Ellen baissa la tête, deux larmes coulèrent lentement le long de ses joues pâlies.

— Vous pleurez ! s’écria-t-il, mon Dieu ! me serais-je trompé, ne m’aimeriez-vous pas ?

— Si je vous aime, don Pablo ! répondit-elle d’une voix profonde, oui, je vous aime plus que moi-même ; mais, hélas ! cet amour causera notre perte, une barrière infranchissable nous sépare.

— Peut-être ! s’écria-t-il avec élan ; non, Ellen, vous vous trompez, vous n’êtes pas, vous ne pouvez pas être la fille du Cèdre-Rouge. Oh ! ce coffret, ce coffret maudit, je donnerais la moitié du temps que Dieu m’accordera encore à vivre pour le retrouver. C’est dans ce coffret, j’en suis certain, que se trouvent les preuves que je cherche.

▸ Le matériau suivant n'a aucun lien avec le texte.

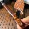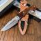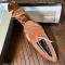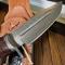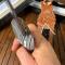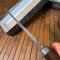 Lame de 12,3 cm Damas forgé mains, grip de pouce taillé au dos de la lame, gorge centrale et garde également en acier forgé Damas.

— Pourquoi nous bercer d’un fol espoir, don Pablo ? Moi-même j’ai cru trop légèrement à des paroles sans suite prononcées par le squatter et sa femme ; mes souvenirs d’enfance m’ont trompée, hélas ! cela n’est que trop certain ; j’en suis convaincue maintenant ; tout me le prouve : je suis bien réellement la fille de cet homme.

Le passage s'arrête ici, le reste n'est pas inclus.